To that end, my homage to Andrew Hetherington's ongoing Room With a View series. But cool as those photos are, he never tells you the lighting details. So we can at least accomplish that much today.
But first, the plane stuff. For those of you who have never experienced an aborted takeoff on a commercial jet, I highly recommend it. I got to do that ride yesterday at the Baltimore Washington International Theme Park.
You'll enjoy that familiar pressed-into-the-seat acceleration, followed by sudden deceleration as people notice sparks coming from the engine and (quoting the pilot here) a "whole lot of indicator lights" going off in the cockpit.
At the end of your ride, you'll be surrounded by lots of fire trucks and guys running around the plane in shiny space suit-like gear. (This ride is not recommended for people with a heart condition.)

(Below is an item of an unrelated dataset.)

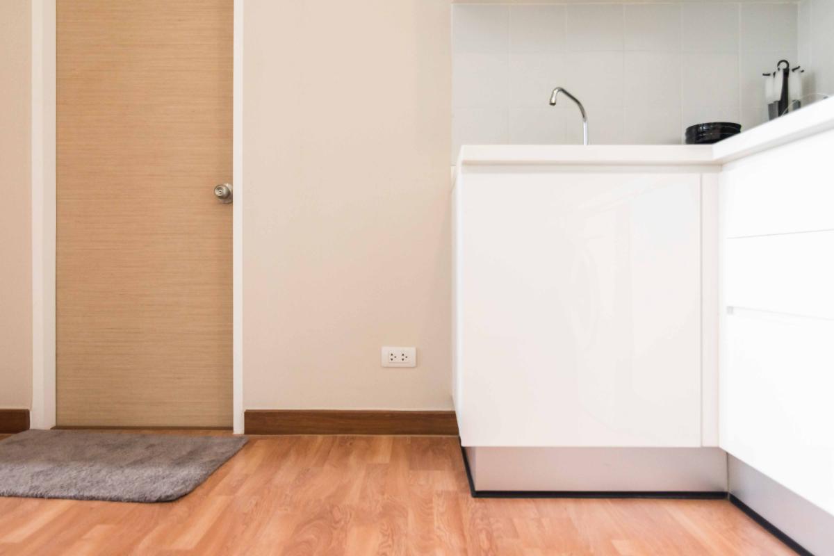 ด้านข้างเคาน์เตอร์ก่อนถึงประตูห้องน้ำยังมีพื้นที่เหลือ พอที่จะวางตู้เย็นสักเครื่อง

After a delay sufficient to miss your international connecting flight, you will then take off on the same plane to Atlanta, wherein you get to spend the night as a ward of Delta.
Not ideal, but arguably better than crashing.
So, the room pic.
This photo bridges together two different ambient levels with the use of one bounced flash. As do, I suspect, many of Mr. Hetherington's.
Outside is overcast daylight. Find that exposure first. Then look at the lamp -- not as a light source but as a softly glowing piece of subject material. You want it a tad over, but not blown out. The rest of the room will be dark.
Get your best compromise ambient exposure between the sky and the lamp, then under-fill the rest of the room with flash. This was about 2 1/3 stops down from a full flash exposure.
Now, it looks like it does the way your eye sees it. Outside a little bright, inside a glowing lamp and the room is darker but with nice detail.
The flash is on camera (I know, but it was the best place for it) zoomed to 105mm at 1/16th power and 1/2 CTO gelled. I wanted it to emulate the color and position of the lamp.
I scrunched low, to hide the reflection of the flash underneath the window, rather than see it in the glass.
The original hope was to make use of Leap Day as a travel day. Now, it's off to the Airport in ATL, where I get to play the role of Tom Hanks in Terminal Man for 10 hours. Then, hopefully, Dubai.
Think I'll browse some of Andrew's Room With a View series.